_TO DO_
Give the listing again, word for word, and let no picture into it.

RECORDED DATA Block Start

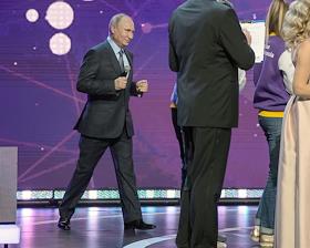 Международный форум добровольцев. Церемония вручения ежегодной премии "Доброволец России – 2018" прошла во дворце спорта "ЦСКА Арена". Президент России Владимир Путин во время церемонии.
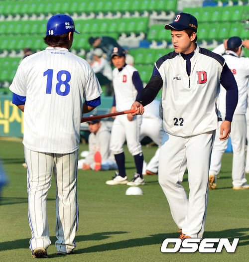 31일 오후 대구구장에서 열리는 '2013 한국야쿠르트 세븐 프로야구' 한국시리즈 6차전 삼성 라이온즈와 두산 베어스의 경기 시작전 홍성흔과 박석민이 장난을 치고 있다.
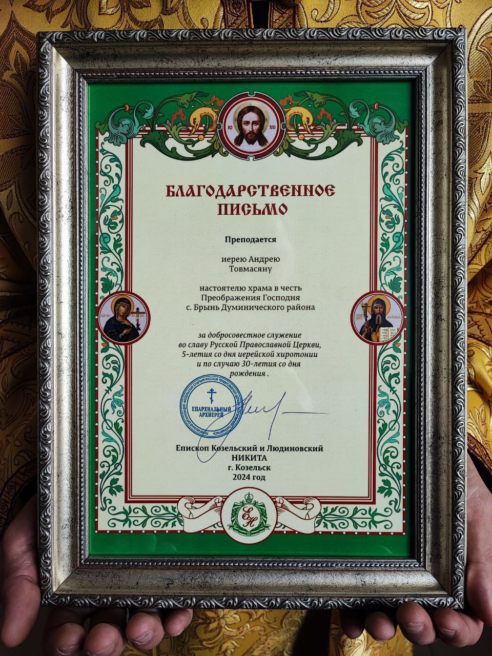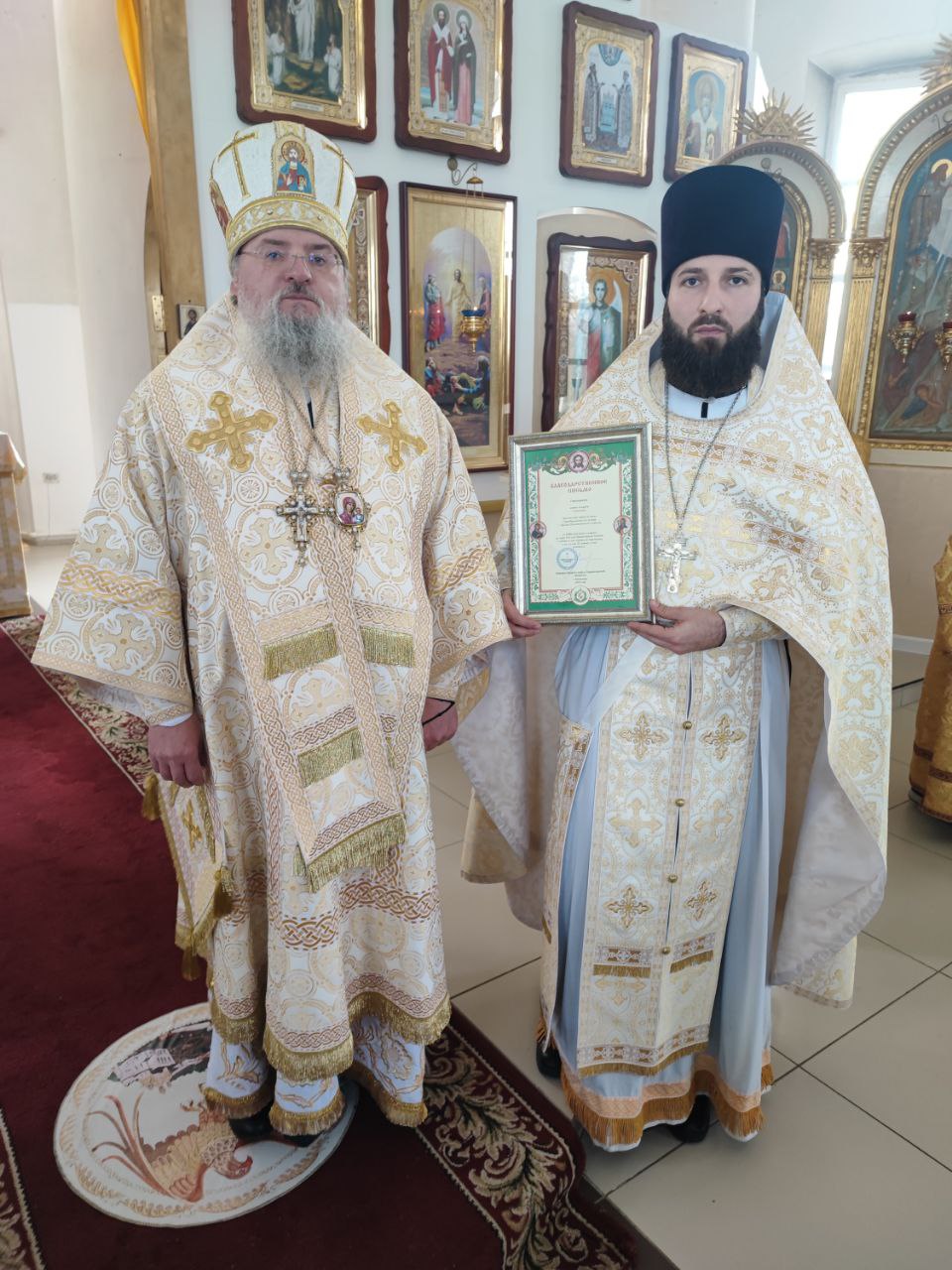 По отпусте литургии владыка обратился к богомольцам с архипастырским словом. В связи с тридцатилетием со дня рождения и пятилетием со дня иерейской хиротонии епископ Никита вручил иерею Андрею Благодарственное Архиерейское письмо.

RECORDED DATA Block End

_YOUR RESPONSE_
 Международный форум добровольцев. Церемония вручения ежегодной премии "Доброволец России – 2018" прошла во дворце спорта "ЦСКА Арена". Президент России Владимир Путин во время церемонии.
 31일 오후 대구구장에서 열리는 '2013 한국야쿠르트 세븐 프로야구' 한국시리즈 6차전 삼성 라이온즈와 두산 베어스의 경기 시작전 홍성흔과 박석민이 장난을 치고 있다.
 По отпусте литургии владыка обратился к богомольцам с архипастырским словом. В связи с тридцатилетием со дня рождения и пятилетием со дня иерейской хиротонии епископ Никита вручил иерею Андрею Благодарственное Архиерейское письмо.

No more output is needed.